Paste the following C# code into the editor (remember to swap $HOST and $BIND), then save and run!

#r "Microsoft.Azure.Documents.Client"
using System;
using System.Collections.Generic;
using System.Net.Http;
using System.Text;
using Microsoft.Azure.Documents;

public static void Run(IReadOnlyList<Document> documents, TraceWriter log) {
   var url = "$HOST:$BIND";
   if (documents != null && documents.Count > 0) {
       log.Verbose("Documents modified " + documents.Count);
       log.Verbose("First document Id " + documents[0].Id);
       using (var client = new HttpClient()) {
           for(int n=0; n < documents.Count; n++) {
               log.Verbose(documents[n].ToString());
               var content = new StringContent(documents[n].ToString(), Encoding.UTF8, "application/json");
               var result = client.PostAsync(url, content).Result;
           }
       }
   }
}

Writing Data!

Go back to wherever you installed cosmosla earlier on, now we can start writing data.

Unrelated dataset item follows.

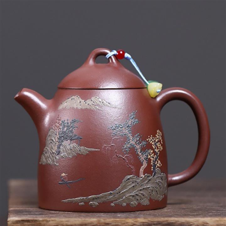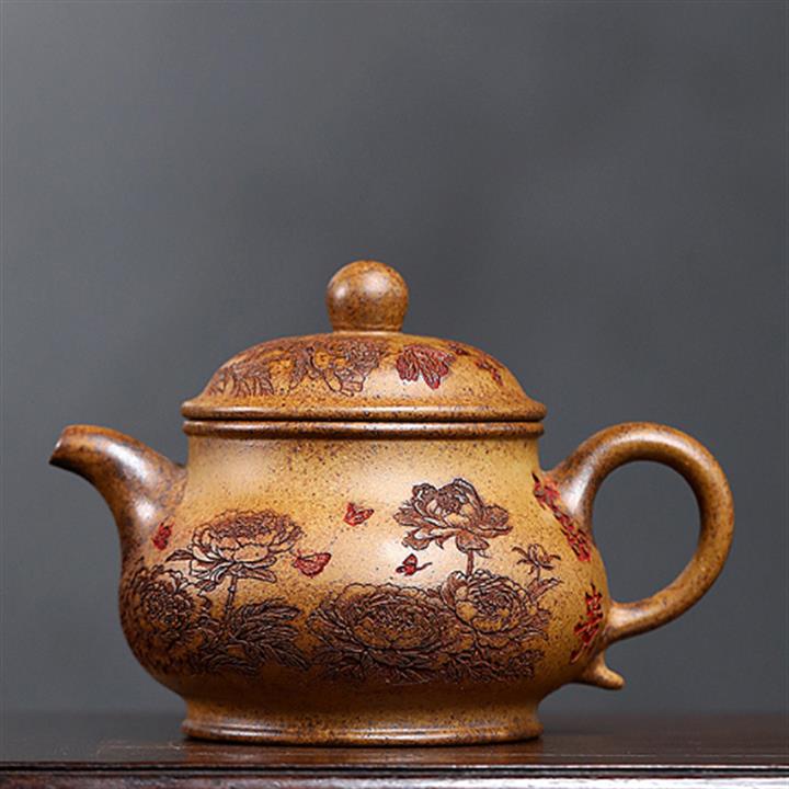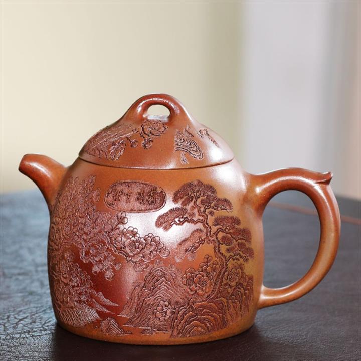 380cc段泥赤焰火雲燒滿刻秦權茶壺POT8202

cosmosla -insert -num 10000

This will probably take around 20 minutes. If all is going well, you should start to see Pilosa logging about imports and snapshotting. You can also view the logs for your function app, and explore the data going into CosmosDB through the Azure portal.

cosmosla is inserting documents into CosmosDB which look like:

{
  "alive": "yes",
  "tiles": {
    "p1": true,
    "dkeu": true,
    "szy": true,
    "1z": true,
    ... # several hundred more
  }
}

This structure is somewhat arbitrary, and could just as well be:

{
  "alive": "yes",
  "tiles": ["p1", "dkeu", "szy", "1z"...],
}

It would end up being indexed the same way in Pilosa, but I didn't know off the top of my head how to construct the same query in Mongo's query language in that case. The important part is that each document has several hundred attributes (tiles) chosen from a set of several million, and a few thousand of them are far more likely to appear than the rest.

Querying

cosmosla has a -query flag which will cause it to run some predefined queries, and output how long each one took.

cosmosla -query

Pay particular attention to the "intersect 3 count" line.

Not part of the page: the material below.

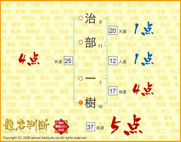 治部一樹さんの人運は12画の1点!

To run that same query against Pilosa, do

time curl -XPOST $HOST:$PROXY/index/jsonhttp/query -d'Count(Intersect(Bitmap(frame=tiles, rowID=p1), Bitmap(frame=tiles, rowID=jt), Bitmap(frame=tiles, rowID=wy)))'

This is actually querying the proxy server which the PDK is running. It allows you to specify rowIDs as strings (e.g. "p1") rather than the integers which Pilosa knows about.

You can also do a TopN query which will show you which tiles appear in the most documents.

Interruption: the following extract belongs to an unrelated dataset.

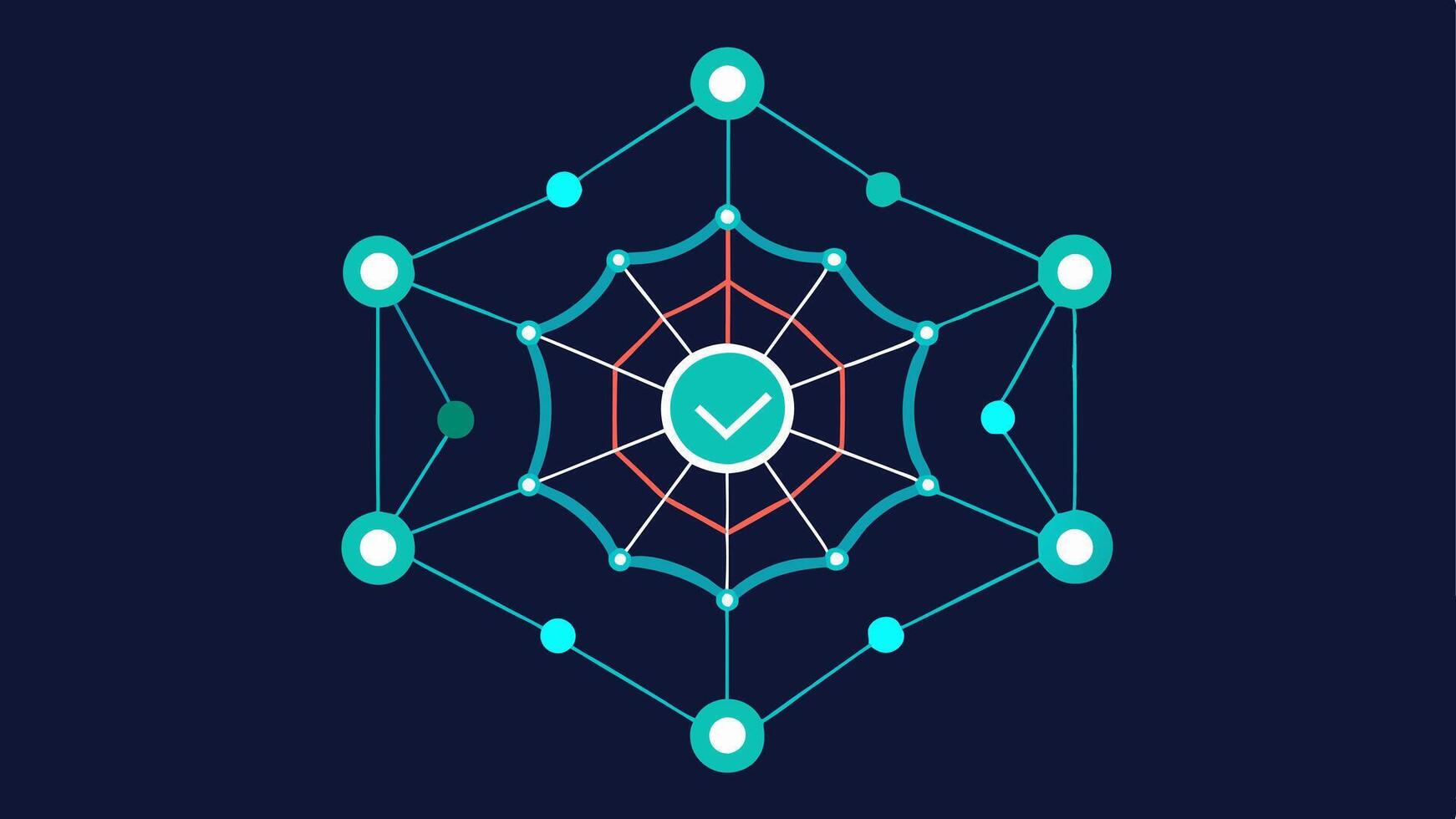 Interconnected Web A spider weblike illustration with nodes at various junctions showing the intricate connections and decentralized nature of the blockchain.. Pro Vector

curl -XPOST $HOST:$PROXY/index/jsonhttp/query -d'TopN(frame=tiles, n=10)'

And you can even combine the intersection query with the TopN query, which will show you which tiles appear the most in documents which have the specified set of tiles.

curl -XPOST $HOST:$PROXY/index/jsonhttp/query -d'TopN(Intersect(Bitmap(frame=tiles, rowID=p1), Bitmap(frame=tiles, rowID=jt), Bitmap(frame=tiles, rowID=wy)), frame=tiles, n=10)'

Constructing that query in CosmosDB is left as an exercise to the reader :).